1.     What is your background?
I received my bachelor’s degree in Anthropology from Juniata College in Huntingdon, PA.  I’ve also always had a passion for art and creating work inspired by culture.  I just graduated from University of Alaska Fairbanks in December 2014, with my Master of Fine Arts in Ceramics doing just that.  My thesis involved creating utilitarian ceramic ware inspired by community and Yup’ik culture.

2. What got you interested in museum work?
During my time at UAF, I worked for the Ethnology and History Lab at the University of Alaska Museum of the North.  It was an eye opening experience, and I learned so much about both the material culture of the north, as well as the important role of museums in conserving historical and cultural heritage.  Each and every museum preserves a certain history, a single chapter in the book that tells the unique story of a place and people.  That’s what I like about the Pioneer Air Museum; it tells the story of the people and planes that soared into Alaskan aviation history, which had, and still does play a large role in the growth and development of the state. 

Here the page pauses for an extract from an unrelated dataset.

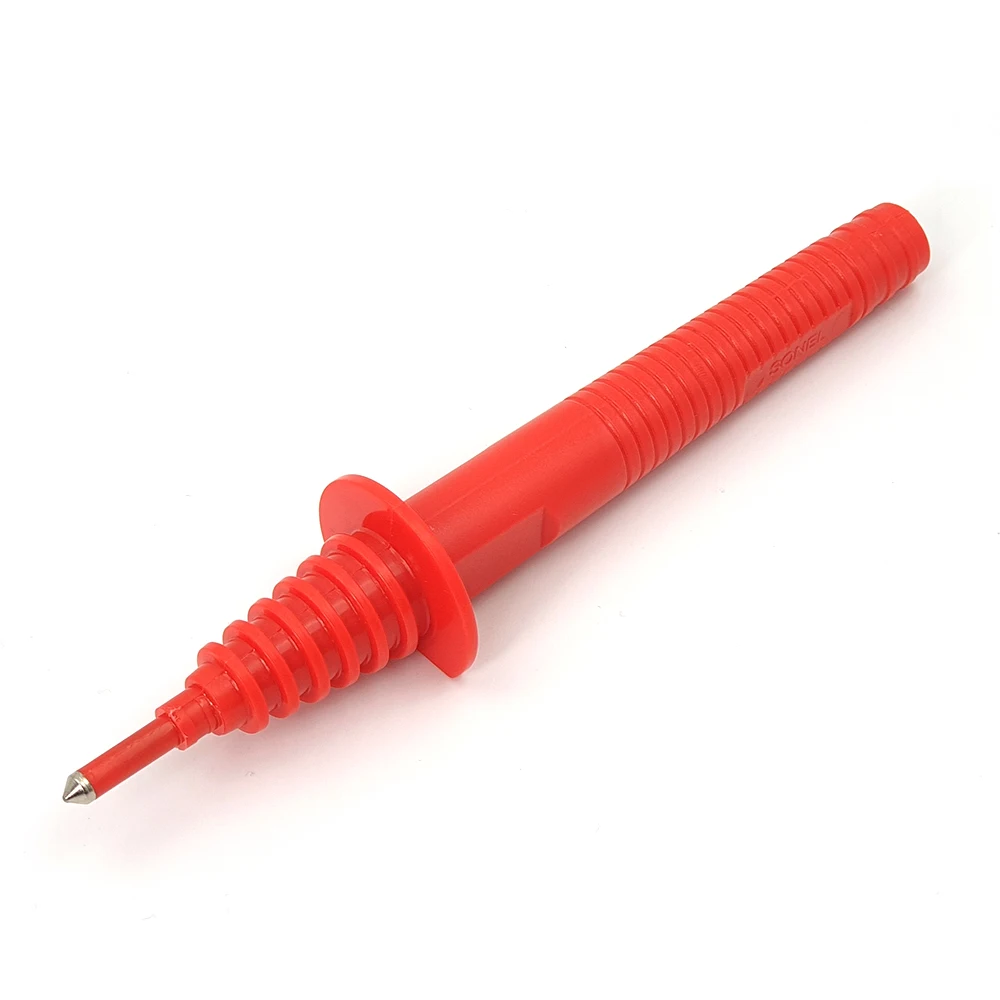 Данный тип зондов можно назвать универсальным, т.к. используется со многими моделями приборов при измерении различных параметров. Используя зонд, можно подключиться как к открытым токоведущим частям, так и к линии через стандартную розетку. Для предотвращения проскальзывания и попадания на открытые части электроустановки на рукоятке зонда имеется специальный упор. С одной стороны упор имеет срез, необходимый для подключения двух близко расположенных зондов (подключения к контактам розетки). Острое окончание зонда позволяет прокалывать оксидную плёнку, загрязнения, ржавчину, что увеличивает точность проведенного измерения. С обратной стороны от острия зонда расположен стандартный разъём типа «банан» 4 мм для подключения измерительных проводов, зажимов Крокодил изолированныйхтипа K01, К02. Категория измерений ГОСТ IEC 61010-2-030-2013: CAT III 1000 V (до 1000 Вольт). Длина 15 см.

3. What brought you to the Pioneer Air Museum?
I’ve visited Pioneer Park and the museum over the past few summers and fell in love with it!  It’s a small museum that packs a punch of history!  There are so many stories to be told about each of the planes and objects that are housed under the gold dome.  I’m very excited to research and share them with our patrons. 

4. What is your favorite thing about Alaska?
The summers are amazing!  So much sun and fun things to do outside; camping, hiking, floating the Chena, and festivals of all kinds!  If you want to experience Alaska, summer is a great time to do it. 

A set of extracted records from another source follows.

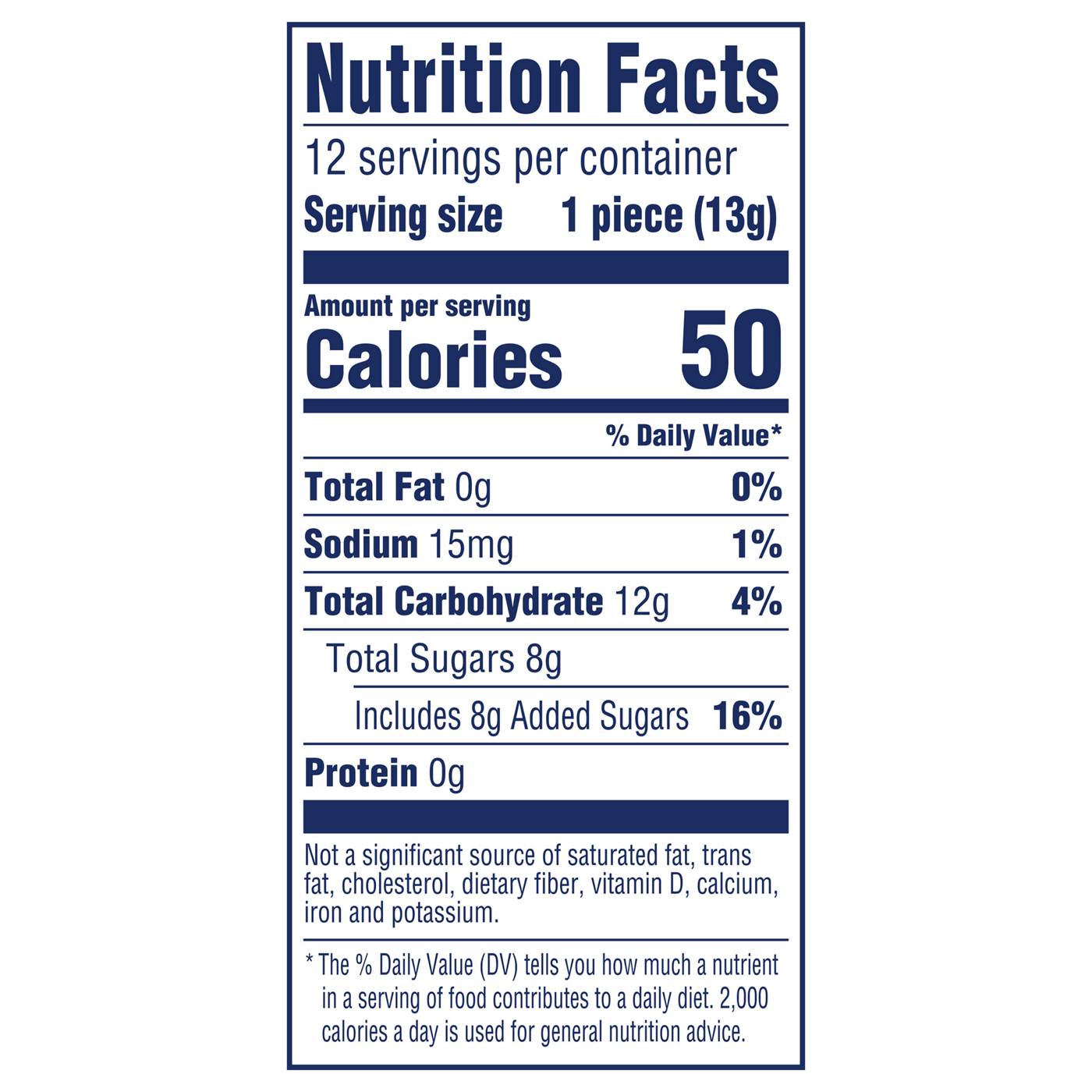 Serving Size1.00 Piece- Amount Per ServingCalories50
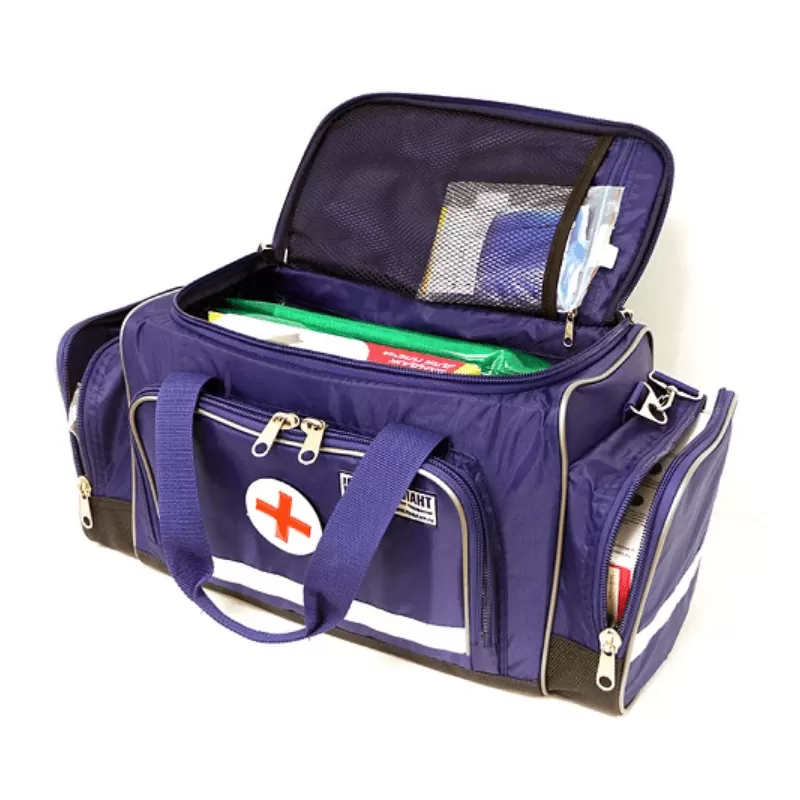 На внешней части сумки расположен держатель для информационной таблички (для обозначения номера бригады и т.п.) и эмблема красного креста.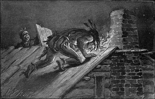 The Indian whom she had heard prowling like a hungry wolf over the roof, was there for a more sinister purpose, if possible, than that of gaining entrance through the scuttle into the building. He had managed to climb undetected to his perch for the purpose of setting fire to the building, and not only that, but he had succeeded in his design.

5. What’s your most memorable aeronautical experience?
I haven’t had many, other than typical, and thankfully uneventful, commercial flights, but I hope to go out on a small plane and see the Aleutians.  I did a research project and small exhibit of objects from Attu Island, the farthest west island on the chain, for UAMN and would love to visit one day. 

6. What project are you working on?
Currently I’m working on cataloging various objects in the museum.  Part of cataloging is describing the object in depth, which requires me to take a close look at the object, finding inscriptions, a name etched in metal or initials in boot liners.  These small details bring the objects to life.  I often find myself going down these rabbit holes, researching objects and people, but it paints a clearer picture of the history, and one that I think people can relate to better. 

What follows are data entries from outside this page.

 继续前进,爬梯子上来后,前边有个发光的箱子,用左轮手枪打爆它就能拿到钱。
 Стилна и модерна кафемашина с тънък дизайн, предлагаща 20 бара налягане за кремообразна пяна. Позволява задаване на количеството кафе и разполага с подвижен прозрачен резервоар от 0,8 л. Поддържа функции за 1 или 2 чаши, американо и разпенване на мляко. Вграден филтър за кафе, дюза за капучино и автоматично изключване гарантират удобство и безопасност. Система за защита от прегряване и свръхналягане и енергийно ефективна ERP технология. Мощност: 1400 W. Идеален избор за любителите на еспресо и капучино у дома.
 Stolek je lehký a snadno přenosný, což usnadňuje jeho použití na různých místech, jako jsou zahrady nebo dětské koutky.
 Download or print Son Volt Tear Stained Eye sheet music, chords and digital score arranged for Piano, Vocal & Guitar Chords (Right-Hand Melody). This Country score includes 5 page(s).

7. What is the most interesting thing you’ve found in the museum?
One day, Pete the curator of the museum came over to my desk and showed me a map of Alaska from the 1950s with all these circles and red lines all over it.  I love maps and was particularly mesmerized with this one.  The map shows the Adcock ranges, or Low Frequency Radio Ranges, which is how pilots would navigate before all the fancy instruments.  Towers were situated at airports and would emit an “N” or an “A” Morse code signal stream in designated quadrants.  Where the quadrants overlapped, a monotone signal would inform the pilot he was “on course”.  Based on the frequency and volume (louder towards the tower), the pilot would know where he was and what direction he was headed in.  The map for me was like breaking a code; finally understanding one of the many different ways pilots would navigate the sky.

8. What are your plans for the summer in Alaska?
Camping.  I love it, and there are so many great places to go, near and far from Fairbanks.  I hope to make a trip every weekend to someplace new.  Last weekend, Della, the collections manager, took me on a camping trip to Seward and went whale watching—we saw a family of orcas, two humpback whales, porpoises, and tons of sea birds, an unforgettable experience!

9. What advice would you give someone looking to work in museums?
My advice would be to just go for it!  Even if you don’t have a background in museums, like myself, you can still find a way to be a part of everything.  There are many different facets to museum work, website design, photography and media, exhibit design and maintenance, education programs, the museum store, the front desk greeting excited visitors, being a docent and of course just volunteering.  There’s always something that needs to be done and interested and motivated people are always welcomed!